During its two-year life, Silk Road - which could only be accessed through the anonymous Tor web browser - grew to become the biggest illegal drug market on the internet, allegedly earning its owners millions of dollars in commission.
Ulbricht's defence said the 30-year-old created Silk Road, but found running the site "too stressful after a few months, and he handed it off to others." These claims tally with reports that no one using the Dread Pirate Roberts name was seen on the Silk Road and its forums until months after it was created.
It was also argued by Dratel that his client lived far too poorly for someone who allegedly earned millions of dollars in commission from sales made on Silk Road; all payments were made with the anonymous bitcoin cryptocurrency.
"Ross Ulbricht and Dread Pirate Roberts were a contradiction so dramatic that it will run against all common sense," Dratel told the court, adding: "Ross was not a drug dealer, he was not a kingpin."
The prosecution, opened by Timothy Howard, said Ulbricht earned $18 million (£12m) through more than one million drug deals processed by Silk Road; he accused Ulbricht of being "like any other drug boss."

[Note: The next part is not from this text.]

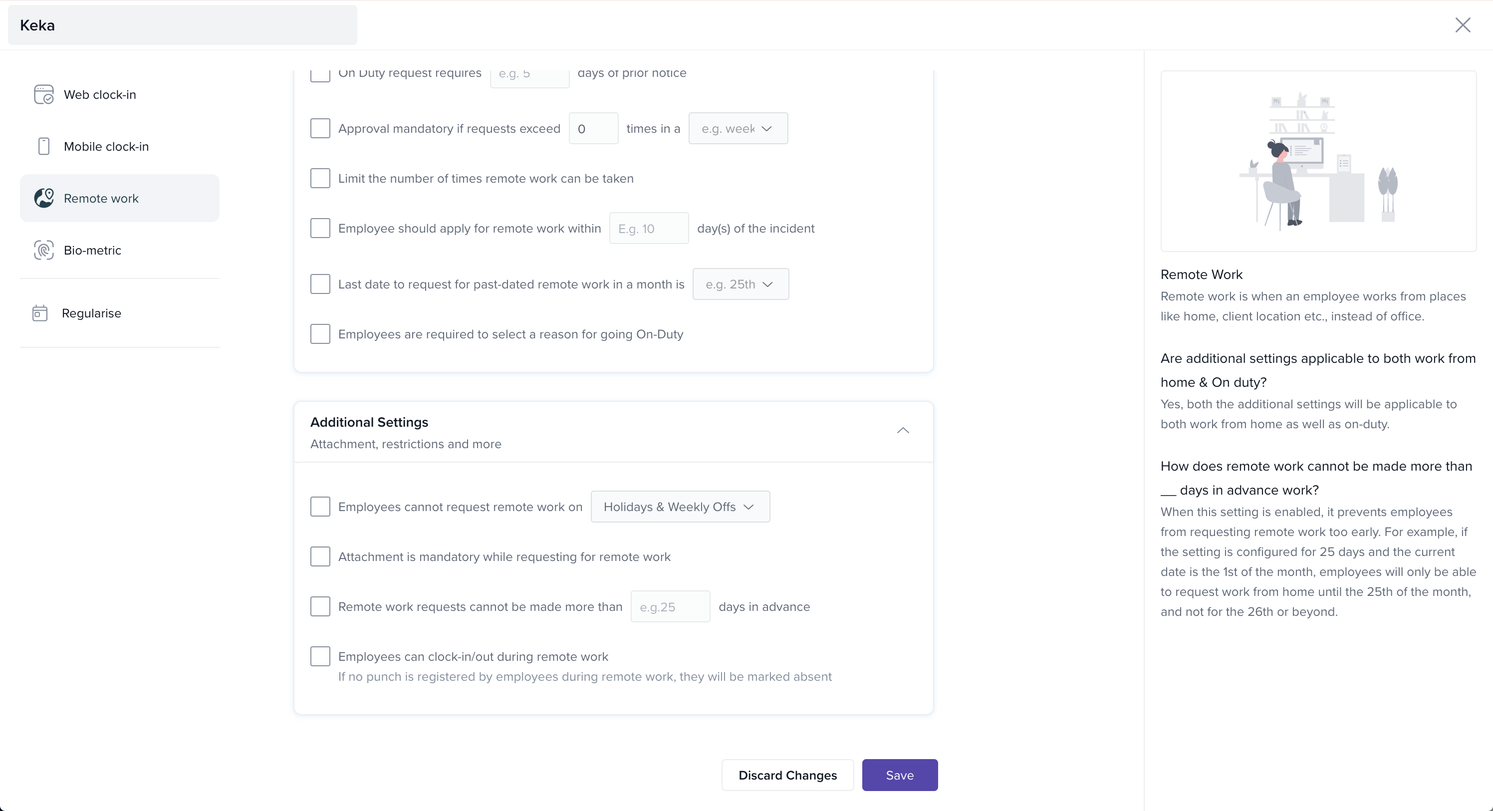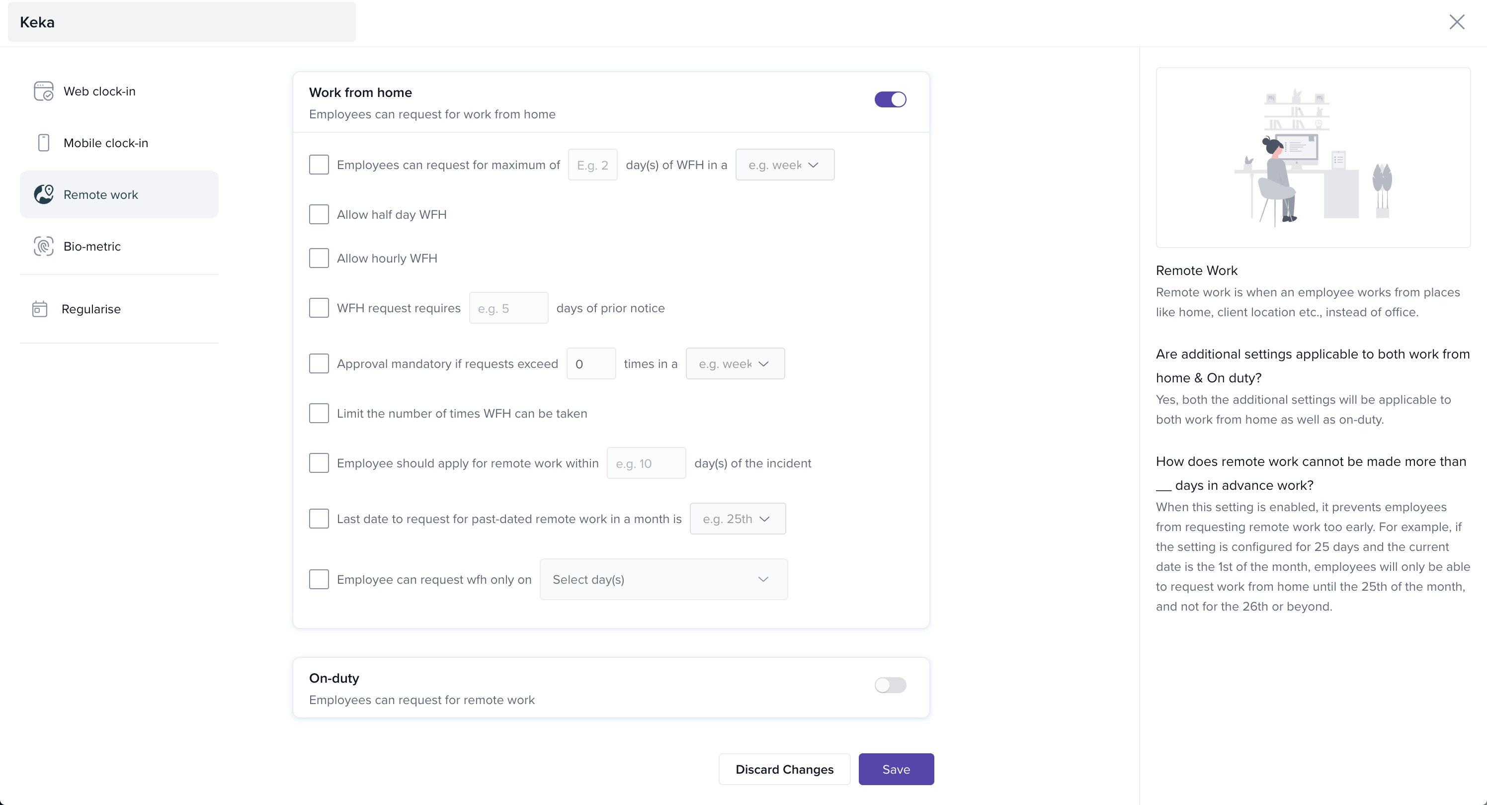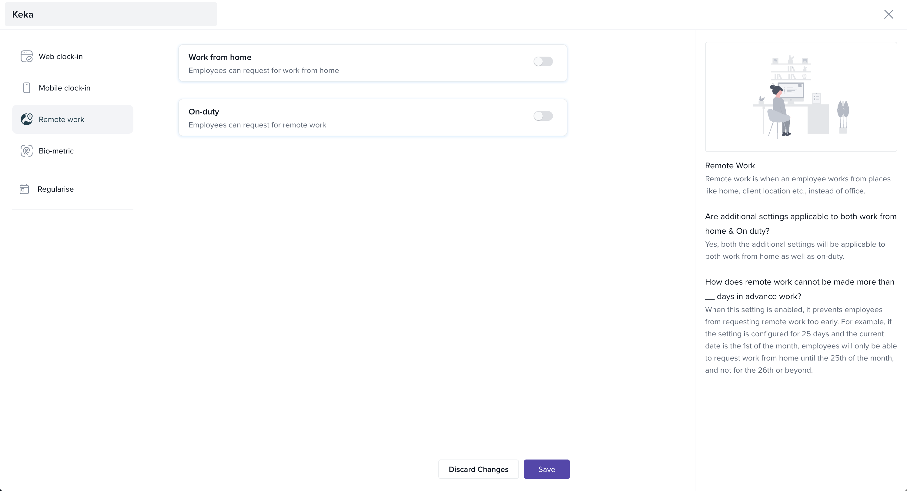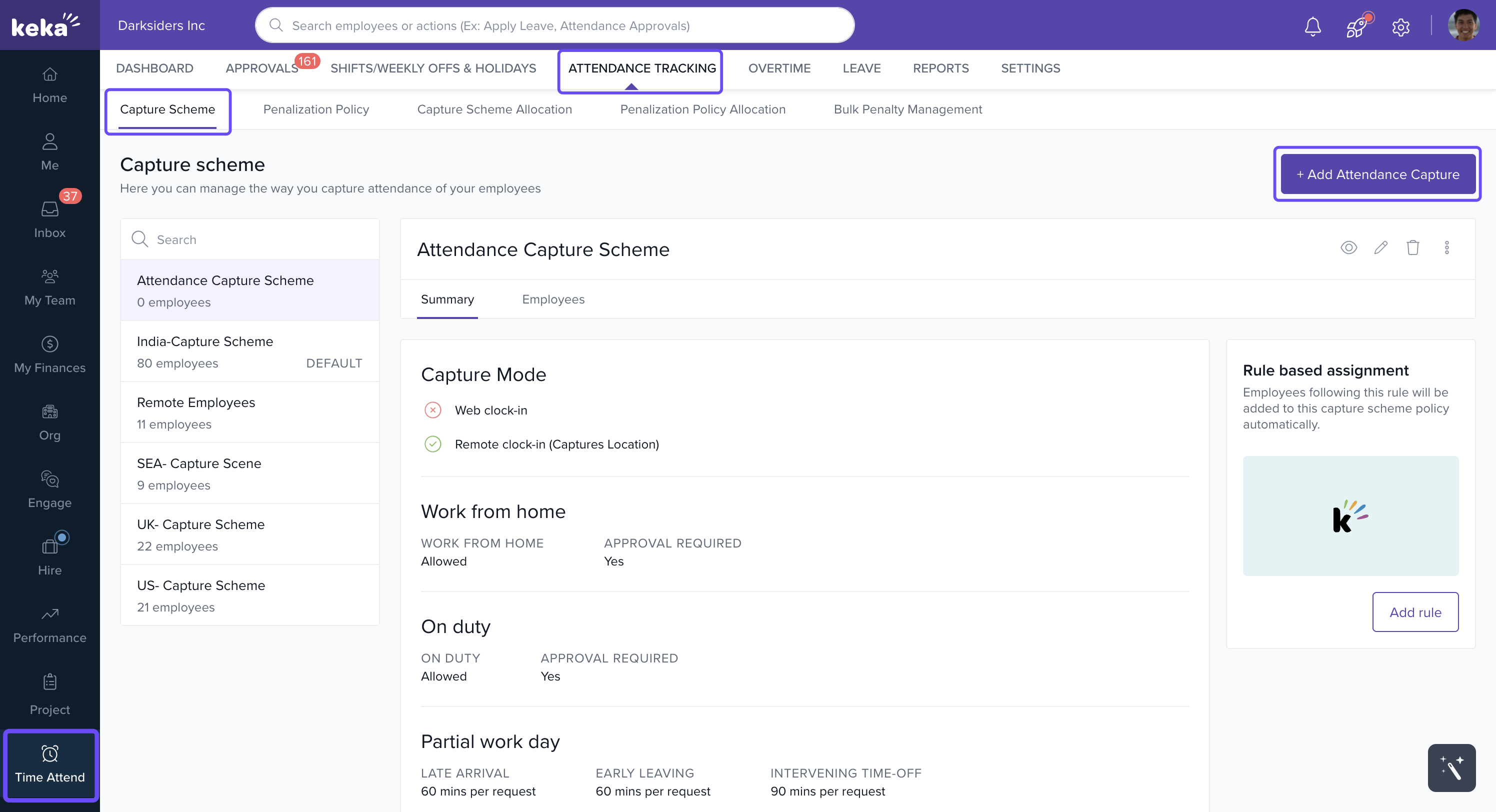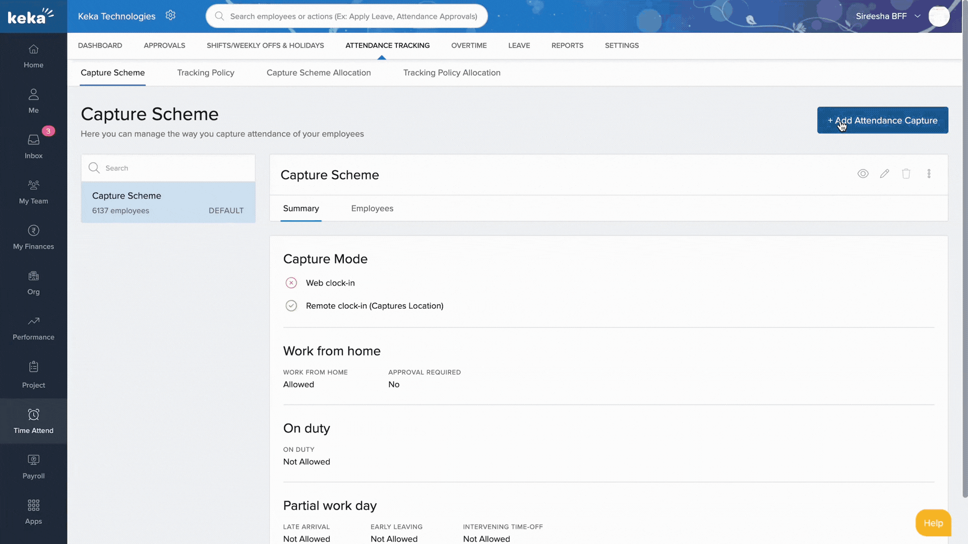 An attendance capture policy defines how employee attendance is recorded in Keka. As an admin, you can create capture schemes that match your organization’s work model—whether employees clock in via web, mobile, or remote work requests.

Echoing comments made in Ulbricht's indictment published after his arrest, Howard told the court how FBI agents arrested Ulbricht in a San Francisco library and seized his laptop, which they claim was logged into the Silk Road's administration pages; it was also alleged Ulbricht was having a conversation with an undercover agent using the name Cirrus.
Explaining why he was apparently logged into the website years after handing it over to Dread Pirate Roberts, Ulbricht's defence said he was a "naive" idealist who was duped into rejoining the Silk Road team shortly before the FBI shut it down; he claims Ulbricht was targeted by Silk Road's administrators as "the perfect fall guy" when they caught wind of an imminent FBI bust.
Ulbricht is charged with narcotics trafficking, computer hacking, money laundering, conspiracy to traffic fraudulent IDs and engaging in continuing criminal enterprise. If found guilty he faces between 30 years and life in prison; he pleads not-guilty on all charges.
The trial is estimated to last between four and six weeks.